The parties’ shared vision on issues such as the environment and gender equality makes them natural allies, but it also leads to turf battles.
Podemos complained the Socialists excluded it from preparation of an anti-discrimination bill, even though it heads the equality ministry. When UP abstained, along with the conservative Popular Party (PP), in a preliminary parliamentary vote on the bill, it looked like war was being declared on its coalition partner.
“Don’t use this chamber to stick your fingers in each other’s eyes,” said an exasperated Íñigo Errejón, of the leftist Más País party, as he upbraided both parties for their increasingly public spats.
Meanwhile, Podemos claims its partner is diluting and delaying a housing bill being prepared for parliament.
The two sides agreed in October, with their parliamentary allies, that the law should allow local authorities to intervene in the rental market and reduce rates in areas where they have spun out of control. But the PSOE’s Ábalos suggested recently it was better to “promote rather than impose” rental controls.
The next day, Gerardo Pisarello of Podemos’ Catalan wing, asked “what is the point of a progressive coalition government” if measures such as rent regulation are not feasible? He called the issue “a line in the sand.”
According to Podemos insiders, the housing law is the latest case of the PSOE failing to follow through on the agreed content and timeframe of legislation.
“People haven’t voted for Podemos just for it to sit and watch its coalition partner go back on its word, above all in social policy,” said one person close to the UP leadership. “We’re going to keep being very stubborn about this.”
There are also personality issues. While the chemistry between Sánchez and Iglesias remains good, deputy PM Calvo is seen as a cause of friction. Podemos feels that Calvo, a veteran of the 2004-2011 PSOE administration, has meddled in areas beyond her remit, such as gender equality.

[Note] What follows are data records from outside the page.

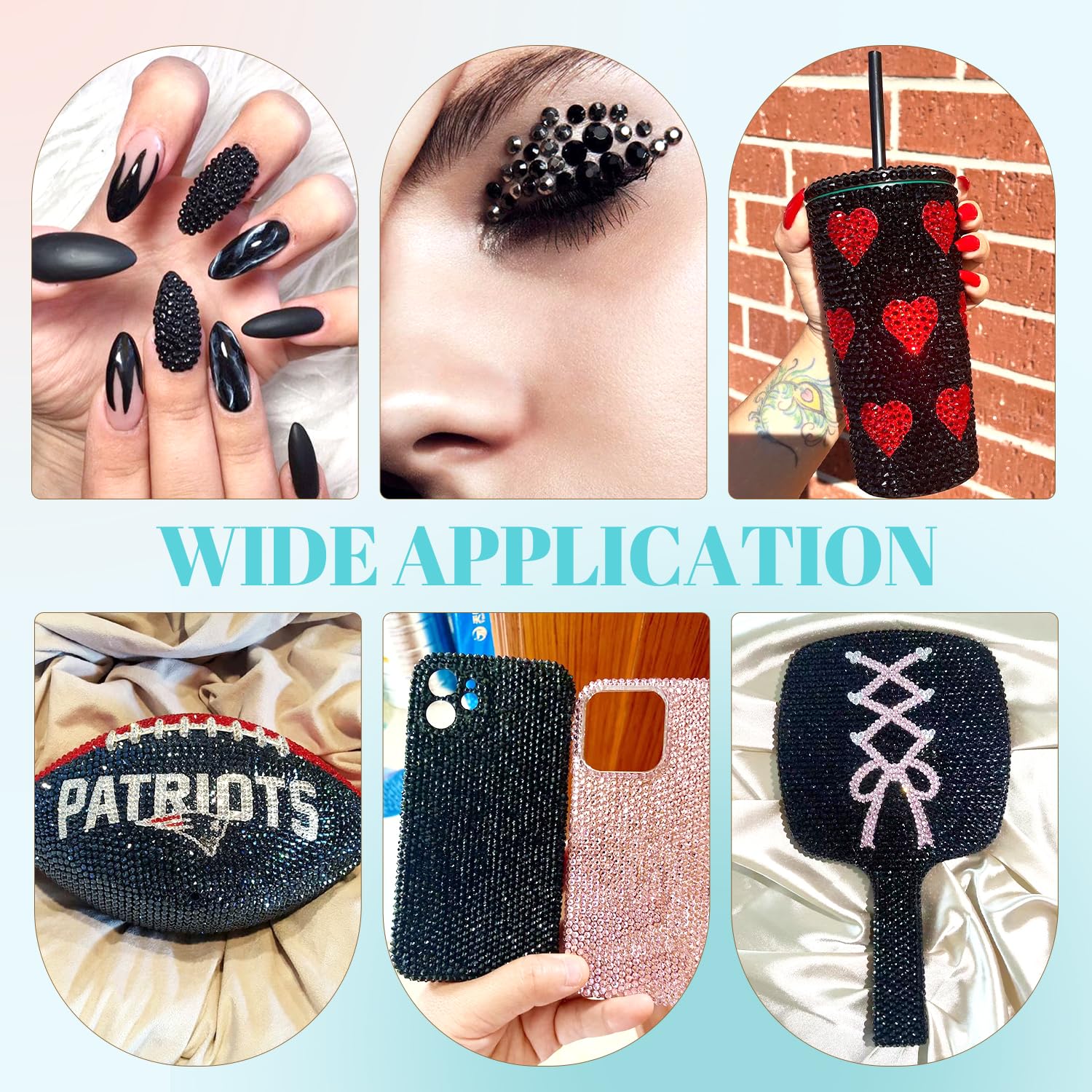 6100Pcs Resin Rhinestones for Crafting with 2Pcs 10ml B7000 Jewelry Glue, 1 Box Flatback Crystals Diamond (Black) for Bedazzling Crafts DIY Nail Art Non Hotfix Gems for Clothing Shoes Tumblers
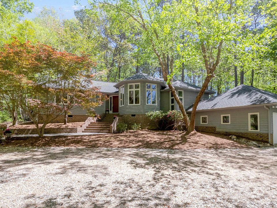 Updated contemporary on large 2.62 acre estate home site in N. Raleigh. Original home built in 1988 with major addition/renovation in 1995 &2023. Dual master bedrooms with walk in closets. New roof, paint, flooring, updated baths, lighting, plumbing fixtures and kitchen appliances. Huge family room with vaulted ceiling, skylight, cupola and fireplace. Oversized garage. Unique home in a beautiful setting.
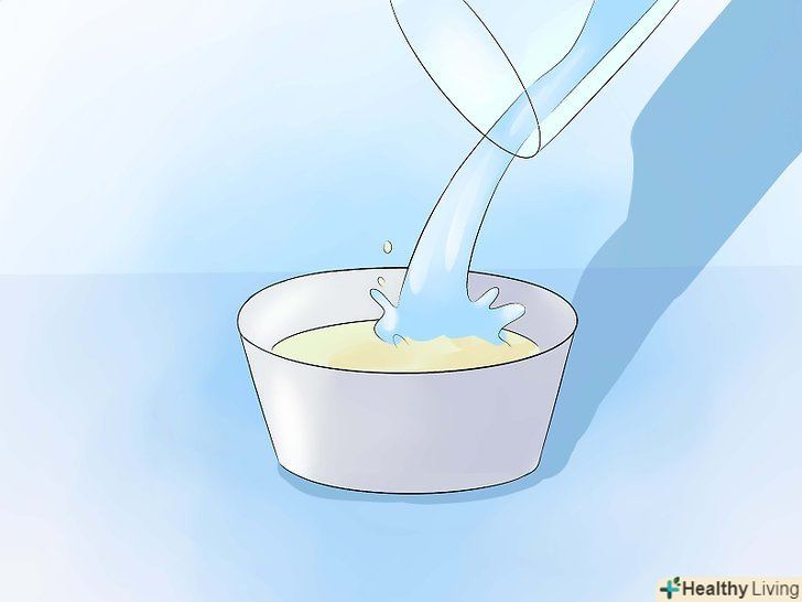 Додайте в миску води. розведіть сік лимона, додавши до нього таку ж кількість води. Наприклад, якщо у вас півсклянки соку, то додайте до нього півсклянки води.
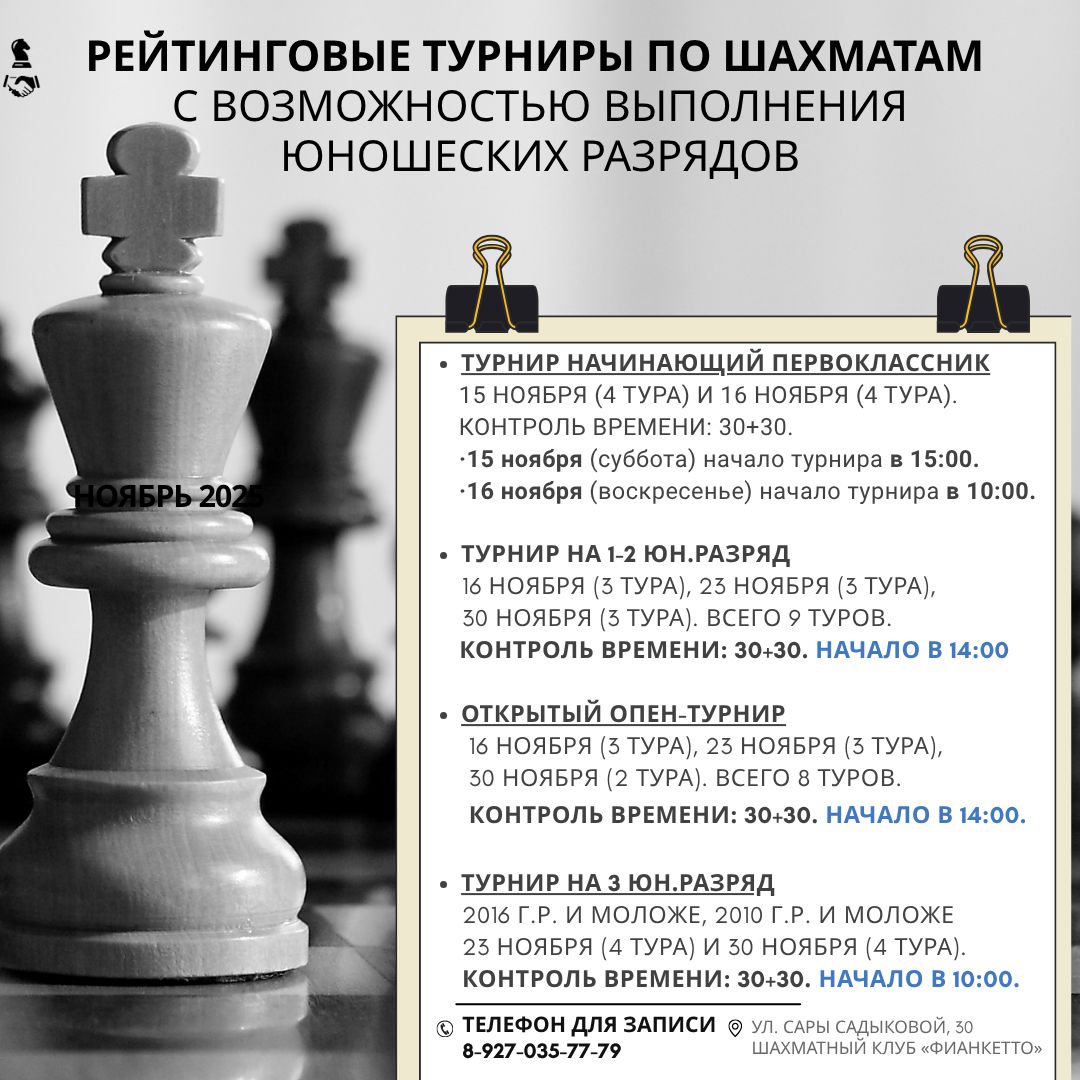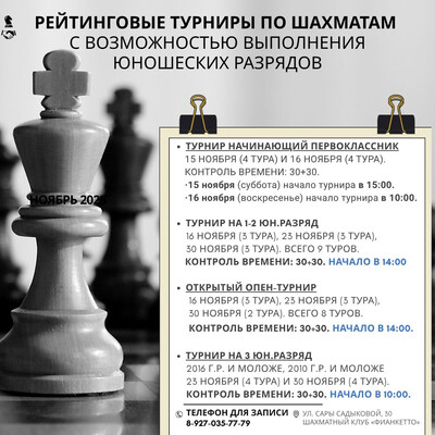 Рейтинговые турниры по шахматам в клубе "Фианкетто" в ноябре
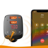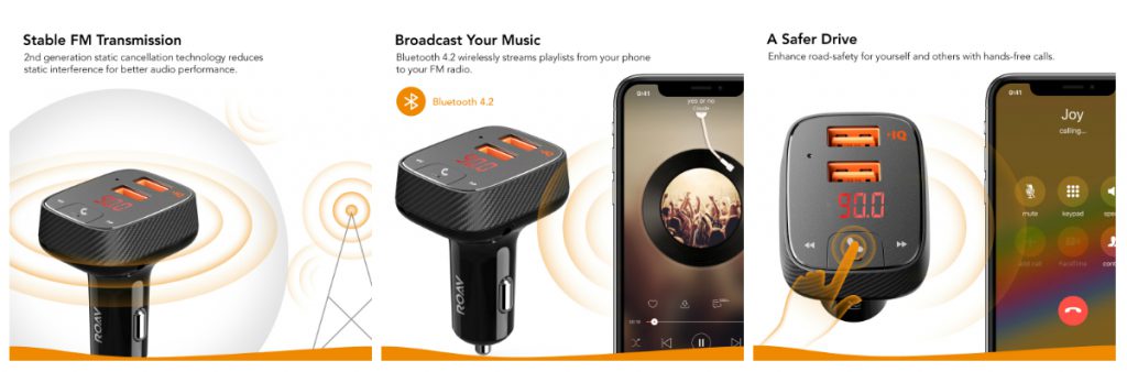 – 簡単セットアップ:車のプラグに差し込み、ラジオと本製品の FM 周波数(78 – 90 MHz)を合わせるだけ。
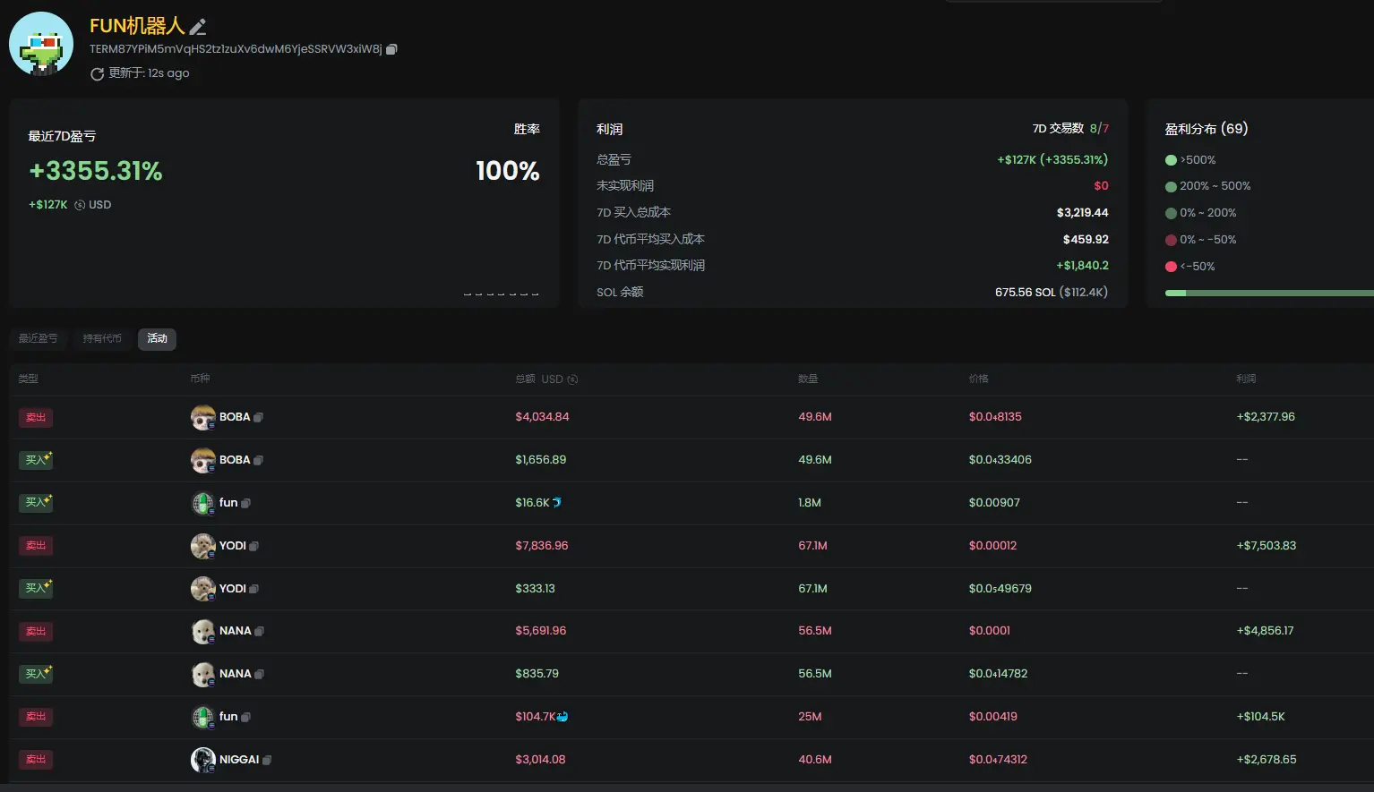 不过,自称是 Bot 的账号 @terminal_of_fun 在最初的帖子中提到了自己的钱包地址,并且每隔十多分钟就会在推特上分享自己买了什么币。

With Podemos recently unveiling a bill aimed at easing gender transition there are fears the two parties will clash again, since the PSOE takes a more traditional approach. Celebrations surrounding International Women’s Day on March 8 could be another cause of strife.
The PSOE sees its partner’s habit of publicly airing grievances through social media and leaks to journalists as symptomatic of UP’s inexperience in government.
“There’s a faction of Podemos which believes it constantly has to get its message across through the media and justify the fact it is in government,” said one coalition insider.
The opposition is struggling to capitalize on the coalition’s difficulties. Although the far-right Vox has been polling well, the PP and Ciudadanos, on the center-right, both performed badly in the recent Catalan election, putting their leaders under pressure.
Both partners in the Sánchez administration are confident they can ride out the current turmoil, and parliamentary arithmetic suggests the government will survive.
“The government isn’t going to collapse,” said Simón of Carlos III University. “There’s no alternative in Congress that would allow the PSOE to govern alone. And secondly, to have an election right now would be suicide for both partners because the economic situation is poor.”
However, the bad blood that has dominated headlines in recent weeks is not going to disappear soon. The question is whether it will subside enough to allow Spain’s first-ever coalition to flourish.